In the salon that same evening, when Linnet was gone, Rue stood talking for a minute by the fireside to Will Deverill. “She sings like an angel,” the pretty American said, with unaffected admiration of the peasant girl’s gifts. “What a glorious voice! Florian’s quite right. It’s a pity she doesn’t get it properly trained at once. It’s fit for anything.”

“So I think,” Will answered, looking her frankly in the face. “She needs teaching, of course – the very best teaching. But if only she gets it, I see no reason to doubt she might do what she likes with it.”

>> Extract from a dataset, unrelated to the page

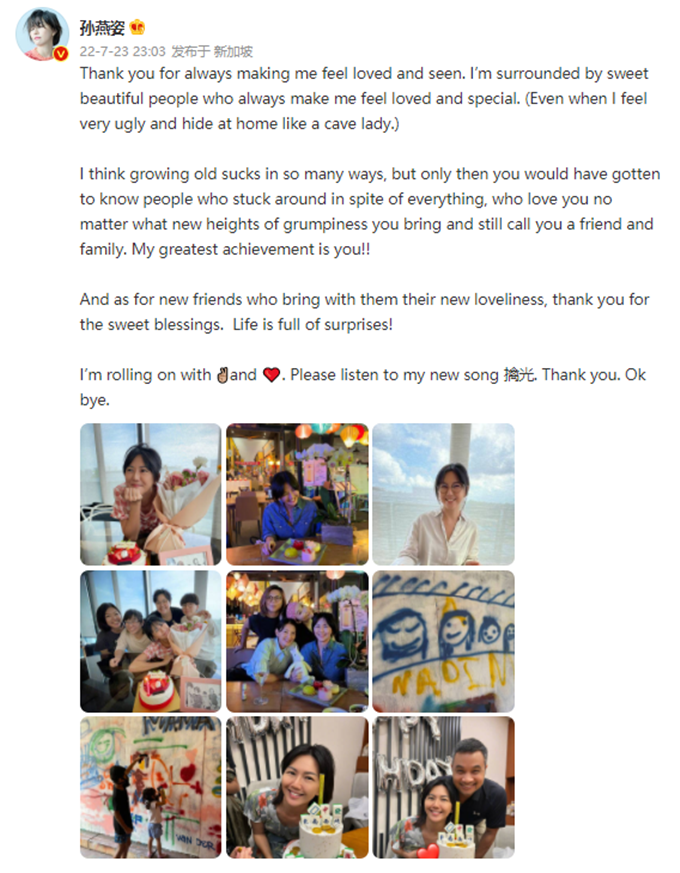 孙燕姿生日与老公罕秀恩爱!44岁皮肤细腻似少女,子女长高不少

“And she’s beautiful, too,” Rue went on, without one marring touch of any feminine but. “How queenly she’d look as a Mary Stuart or a Cleopatra! Your necklet suits her well.” She paused, and reflected a second. “It’s a pity,” she went on, musingly, as if half to herself, “she shouldn’t have the brooch and the earrings to match it!”

 

And next day, sure enough, at the Golden Eagle, about one o’clock, when Linnet went up to her own room after early dinner, she found on her dressing-table a small cardboard box containing some coral ornaments to go with the necklet, and this little inscription in a feminine hand inside it: – “For Linnet, from one who admired last night her beautiful singing.”

Then Linnet knew at least that the fair-haired lady too had a great heart, and owed her no grudge for the possession of Will Deverill’s necklet. For she divined by pure instinct what admirer had sent them.